Looks, Feels, and Restless Natives

I’ve been toying with look and feels for Java a little lately. It is kinda funny that Sun calls Metal the “Cross-Platform” look and feel but it only looks “at home” on Solaris with CDE. But Metal is the default on Windows as well, which means you you either need a to switch to the Windows LAF (but only on Windows, because it won’t run anywhere else — thank heaven for small favors) or package a custom LAF. The Windows LAF is OK for small apps, however is really matches the true windows system about as well as the Aqua LAF does the Mac System. And lets face it, despite a lot of flap about wanting to look like native apps, how many Windows Apps actually look native? Every-time MS released a new version of Office, the look and feel is different and not available to your standard native Windows App. The most popular Windows apps usually don’t have a truly native look and feel, they are either completely different or look like the current version of office. There is not much benefit from looking native on Windows, but you don’t want to look like CDE either.

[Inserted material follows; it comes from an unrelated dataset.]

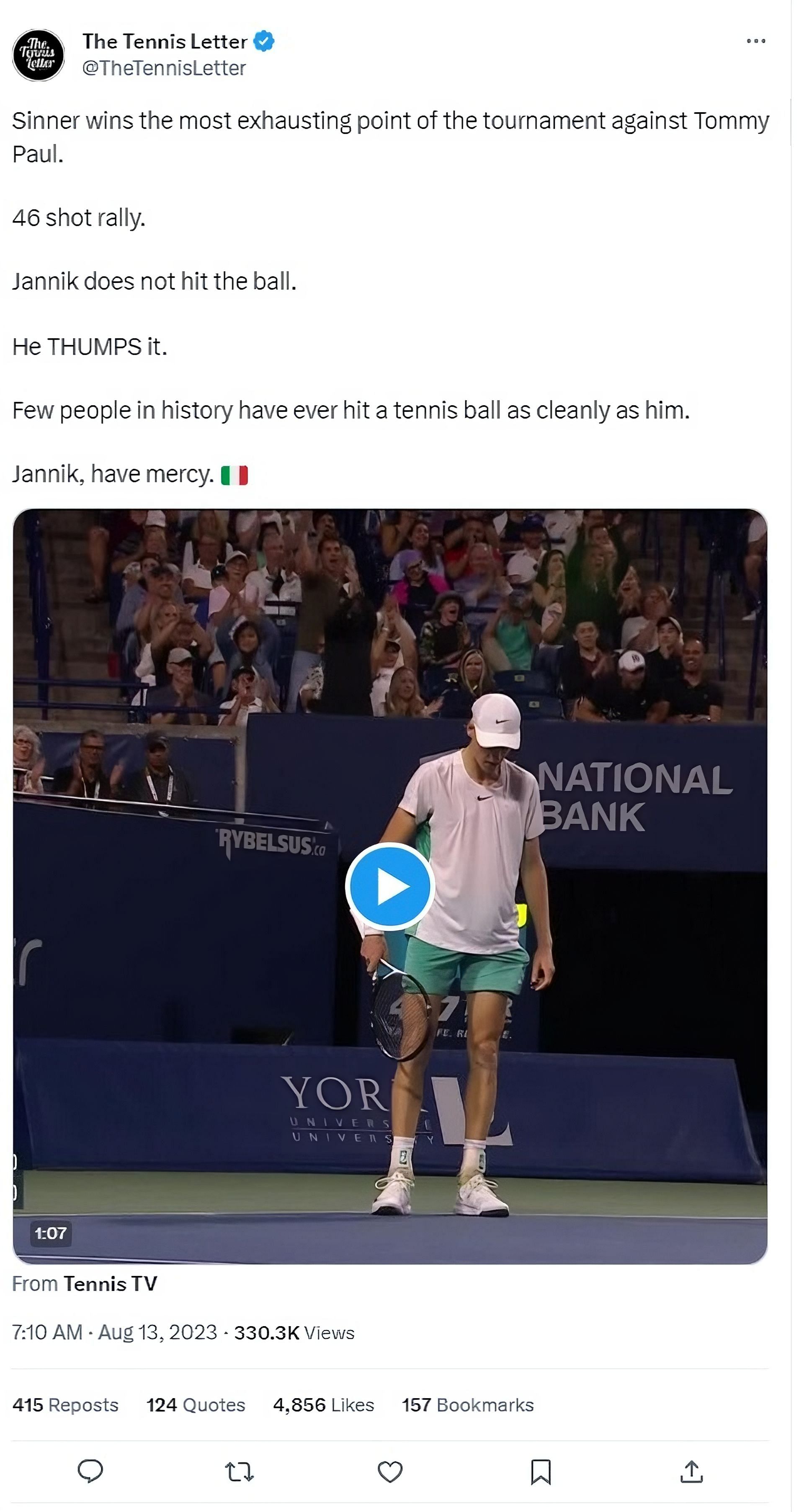 "Sinner wins the most exhausting point of the tournament against Tommy Paul. 46-shot rally. Jannik does not hit the ball. He THUMPS it. Few people in history have ever hit a tennis ball as cleanly as him. Jannik, have mercy," the caption read.
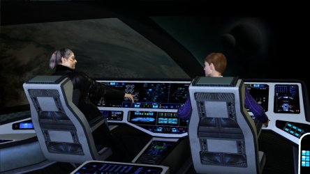 That evening, the command crew and Wallis met again, in a quiet bar outside the theatre where they could hear themselves speak. The idea of a replacement starship appealed to them, and Wallis commented she'd observed their interest in the sleek courier parked at the landing bay. "You would be welcome to one of those; we use them as couriers within the company. They're fast, but big enough for you." Gripper chuckled. "Can we take a test drive?" he asked. "I'll arrange it," said Wallis. "We can do away with your existing ship, too," she continued. "If we file a plan and guide her out to jump point with a robot and jump into nowhere, it will help cover your tracks." Alice coughed. "There are four frozen convicts aboard," she admitted. "Their records were scrubbed, so we don't know who or what we have in there, but we wouldn't want to see them dealt with unfairly." Wallis didn't blink. "I'm sure we can find a use for them," she said blandly. "If we stash them for a hundred years or so and then thaw them out, they won't be noticable any more and we can hire them on." A small smug smile appeared. "They'll owe us for low storage, so they'll need to work."

The default Java look and feel on the mac is “Aqua” and it does a passable job of emulating native mac behavior. But there are small differences, the file and color choosers are way off, and native text boxes on the mac can spell check the Java text boxes can’t. There is a project called Quaqua that corrects a the file choosers and more (I don’t think it tackles the spell checker) but the full version is rather slow.

Speaking of the file chooser, Is there any platform where the default Swing file chooser is considered “good”. Hopefully Sun will work on that.

One fact of Java GUI life is that swing does not obey any platform style guides. Even using one of the enhanced LAFs it requires a lot of work to actually comply with a platform style guide and a lot of “if” statements to target multiple platforms. Visual design tools are no help there. I have a framework to address a small fraction of the differences, but a lot of the time we just pick one way and stick with it. Our menus behave like Mac menus on all platforms (grey-out items instead of hiding) and we use a third-party commercial LAF that looks good on all platforms. We use full-window tabs instead of MDI (Multiple Document Interface) when we need more than one document.